Caminhei até você pisando em brasa e sorrindo. Você me bagunçou tal qual Liniker canta... de um jeito tão gostoso que chega a ser dolorido. De certa forma, quando nos despedimos, sabia que não havia sido um encontro qualquer. No fundo, aquele momento estupidamente normal despertou algo. E logo eu, que nunca acreditei em almas gêmeas, senti que te conhecia de outras vidas. E fui embora com o coração na mão...

E cada encontro, mais sentia meus pés fora do chão... E sei que você flutuava comigo. Nenhuma conversa nunca foi tão fluida. Tão leve. Tão suave. 

Sempre cito aquela frase que diz que a vida é a arte do encontro, embora haja tanto desencontro pela vida. E mais ainda aquela que diz que tudo acontece como tem que acontecer... Aconteceu? Preciso acreditar que sim, pra seguir em frente. A vida segue, você disse. Tem que seguir, disse de volta. Mesmo assim, depois de tantas voltas da vida, cá estamos nós de novo, no mesmo barco. Na mesma sintonia. Com o mesmo olhar desejoso dos olhos do outro. Os dois corações similarmente disparados, de cada lado do telefone.

Já que você me bagunçou... Deixa eu bagunçar você também?

Eu só quero um gole de cerveja. 
No seu copo. No seu colo e nesse bar. 


O resto a gente vê depois. 

domingo, 4 de fevereiro de 2018

dois cafés

"Feito essa gente que anda por aí
Brincando com a vida
Cuidado, companheiro!
A vida é pra valer
E não se engane não, tem uma só
Duas mesmo que é bom
Ninguém vai me dizer que tem
Sem provar muito bem provado
Com certidão passada em cartório do céu
E assinado embaixo: Deus
E com firma reconhecida!
A vida não é brincadeira, amigo
A vida é arte do encontro
Embora haja tanto desencontro pela vida"


Ele continua cruzando as pernas, não com um tornozelo sobre o joelho, mas joelho com joelho; cruzando um dos braços em frente a barriga e apoiando o cotovelo do outro sobre o pulso do primeiro; a mão do braço apoiado vai ao queijo e, ali, os dedos passeiam ora ao redor da boca, ora entre o queijo e a orelha, ora na barba, ora apenas parados por ali -  exatamente do jeito que imagino Caetano Veloso sentado num banco de madeira qualquer; ou como Freud certamente se punha pra pensar.

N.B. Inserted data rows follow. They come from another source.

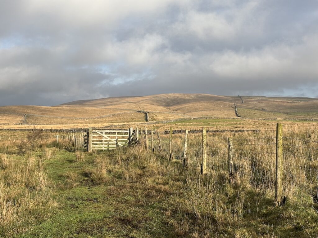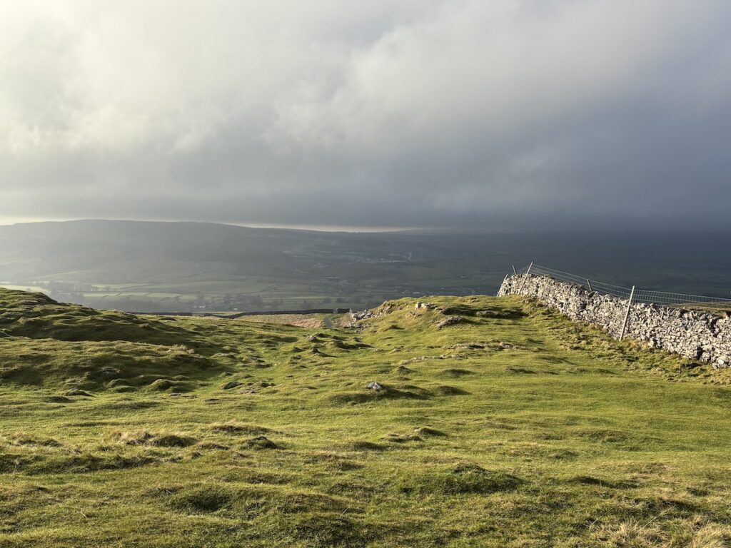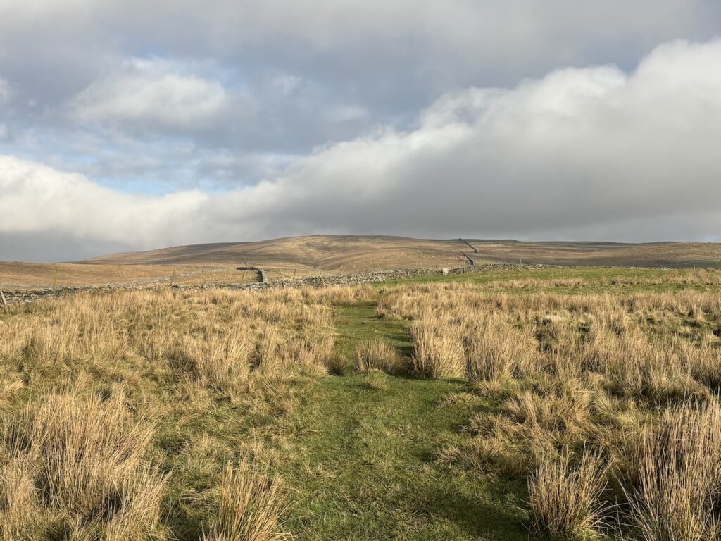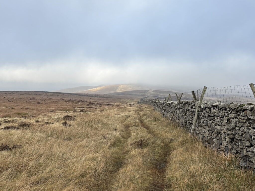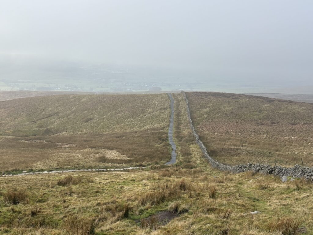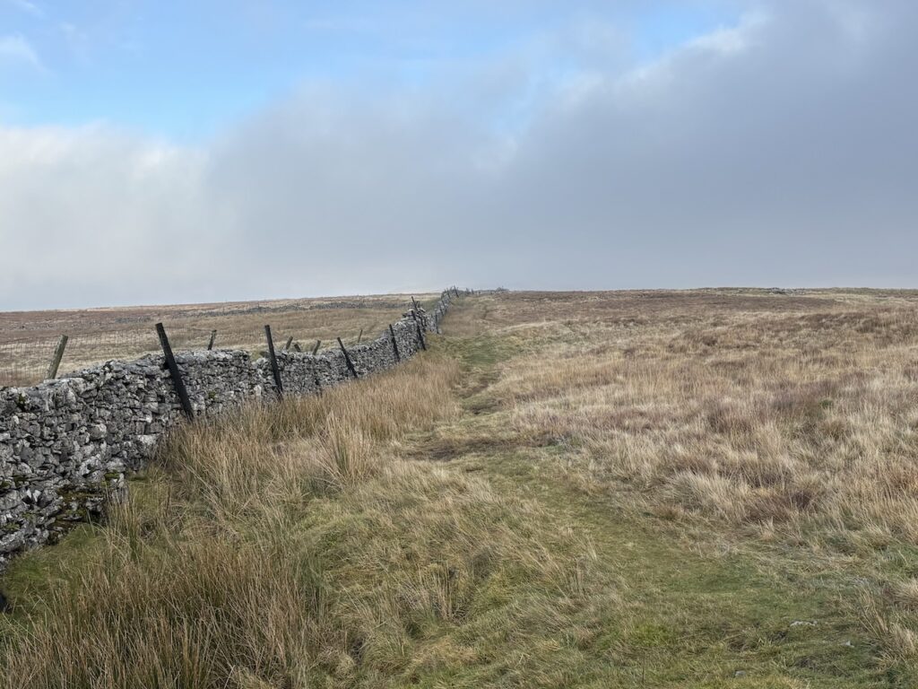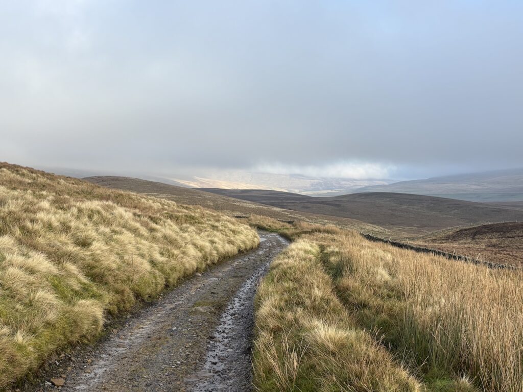 Just over 2.5km from Moor Head Lane we reach another track, Long Lane, and turn right. Despite the low cloud there are good views towards Foxup.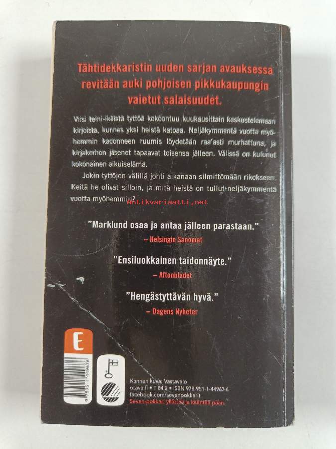 Hyvä. Tarkempi kuntoluokka: K3- ; Pientä kulumaa kansissa, hieman taipumaa, selkämyksessä vinoutta, selkämyksessä lukutaittumaa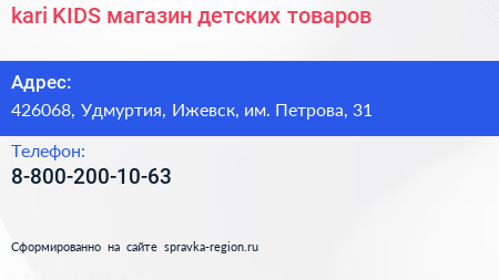 kari KIDS, магазин детских товаров по адресу 426068, Удмуртия, Ижевск, им. Петрова, 31 в дальнейшем Организация, размещена в следующих категориях: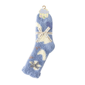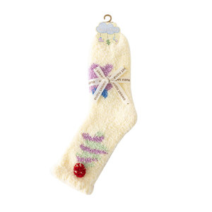 珊瑚绒袜子女中筒袜秋冬季加绒加厚保暖地板袜居家睡眠月子袜暖脚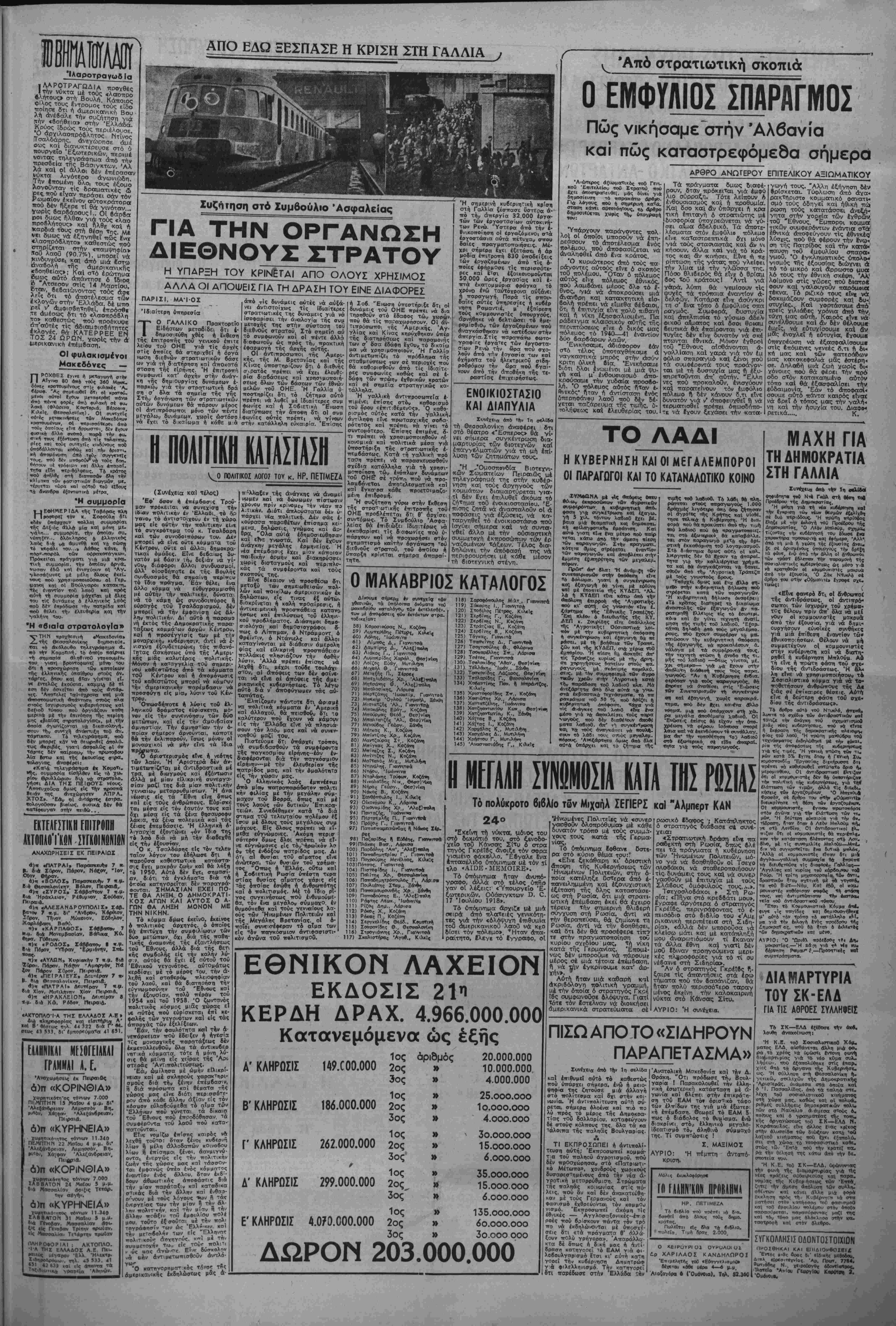 Κατέττλευσί *ιτδ την Άμερικ<| *. τμοιτλοιο μέ 20.000 δέμα". Τή Δέ"· τέρα άιαμένεται να φθάσει βλλο *· τμόηλοιο μέ 30 000 δέματβ κ«1 Τ?» Μοίνιο τρίτο Ατμόπλοιο με ΐ2·00β ΠΔΡΑΜΕΝΕΙ ΣΤΗΝ ΟΥΖΙΑ Η ΓΑΛΛΙΚΗ ΚΥΒΕΡΝΗΤΙΚΗ ΚΡΙΣΗ ΤΑ ΑΠΩΤΕΡΔ ΣΧΕΔΕΑ ΤΗΣ ΔΕΞΙΑΣ Ή στάση των Λημοκρατικών Κομμάτων ΠΑΡΙΣΙ, 8. Πδ. ύπ.).— ·ς. γαλλικός τύτΐος άφιερώνει τά άρθρα τού στή γαλλική κρϊση. Τό γενικό συυπέρασμα είνε δ τι ή άπόφαση ποΰ πηρε τό Συμ δούλιο τοΰ Σοσιαλιοτικοϋ κόμ ματος, μέ άσθενέστατη τΐλειο- ψηφία, διγάζει τό αέτωττο της δημοκρατίας, 'νώ άπό τό ό;λο αέρος δέν έξασφαλίζει κυδτρ νητική εύστάθεια, "Ογι μόνο οί έφημερίδες τής άριστεράς, άλ λά καί ξένοι συντηρητικοΐ άν ταποκριτές έκφράζουν τό φόβο δτι ή δεξιά θά Ρελήσει νά ίκ ιιεταλλευθεΐ την άδιοναιμία τιϊΰ Ραμαντιέ, γιά νά κ,αταφέρει πληγμα ατΐς δημοκρατικές χά τακτήσεις της έθνικοποιήσεωΓ κ. ά. Πολλοί τησΤεύουν δτι κή καΐ όδηγεΐ σέ κυδέρνηση ουντηρητική υπό τόν Μπιντώ. ΦΡΟΥΡΟΣ Η ΑΡ1ΣΤΕΡΑ Στήν κρίσιμη αυτή στιγμίι παραμένει φρουρός ή άριστεοα —τόσο τ6 Κομμουνιατικό 'κόμ μα δσο κα{ ή αενάλη ιαάζσ του σοσιαλιοτικοθ κόμματος, ή ό ποία δέν έγκρίνει τή στάση τού Ρσιααντιέ καΐ τού Μπλ,οΐηι Στήν εφημερίδα «Οΰμανιτέ» -Ί Ζώοί Κονιό γράφε( 8τι «στό ιιέλλον, δτΐως καΐ στό τιαοελ ίΐόν οί κουυ.ουνιστές θά προσψί οουν τήν ύποοτήριξή τους σ' 3 λα τά μέτρα της κυβερνήσρωΓ υπέρ της έργατικής τάξεως» χαι ό 'κουμουνι—ής ήνέτης Ν κλό εΐπρ: «ΕΤνε ήλίθιοι . ,· ·· · -ννυ ϋΐπρ: «ε,ινε ηΜΒΐοι δσοι τελευταία, λύση είνε, μεταβατι μιλοθν σήμερα γιά γενική ά —-ργία. "Αν καΐ δέν μετέγοο ή δέ θά άμου ργ Αν καΐ δέ μ με στήν κυδέρνηση θά κάμ ιιε δ,τι μπορουμε. γιά νά τή 6ο ηθήσουμε νά λοσει Ικοη/σποιτΐτι κά τίς δίκαιες άπαιτήσεις των 'ογατών». Ή εφημερίδα «Φο?ν Τιρέρ» κατακρίνει τή στάαπ τηζ υικράς πλειοψηφίας τοΰ Ε.°ν1 κου σοσιαλιστικοΰ βυμδουλίου, ή όίθά £ ι° σσΰ ή όττοία—γράφει—θά χ 6αρ6ττατες συνέττειες στό λον. "Οσον άφορα τή ·έση ίργατών εΐναγνωριζεται π σκολη οΐκονοαική θέβπ καΐ θεωρίΐται άδύνοττσν οτ. Ραμοντιέ θά μττορέσει νά σει αέ συνατ—ισμό κέντρου κ δξάς τα έκά ττροδλ σμό ρξς τα έργατικά ρ τα πού δέν θέλησε νά λύσει τήν συμιαετογή των κομμ°υνι στών στήν κυδέρνηβτι.

Os olhos continuam atentos. A conversa continua fluida. A adultice não lhe tirou a graça. Não houveram piadas sobre deuses e nem uma pitada de Kossovo. Tampouco falamos de Pessoa ou dos tempos do colégio. A vida ruge...


A calma continua a mesma, mas mais consolidada. Nem uma gota de insegurança. Café, só se for o mais café dos cafés. Existe uma confiança na voz, mais firme. E tanta história pra contar...


Esses dias li que não há coisa melhor do que tomar um café com um velho amigo. E de fato: foi tão bom, que tomei dois.

quinta-feira, 25 de janeiro de 2018

amálgama

     amálgama


substantivo de dois gêneros

1. quím liga metálica que contém mercúrio.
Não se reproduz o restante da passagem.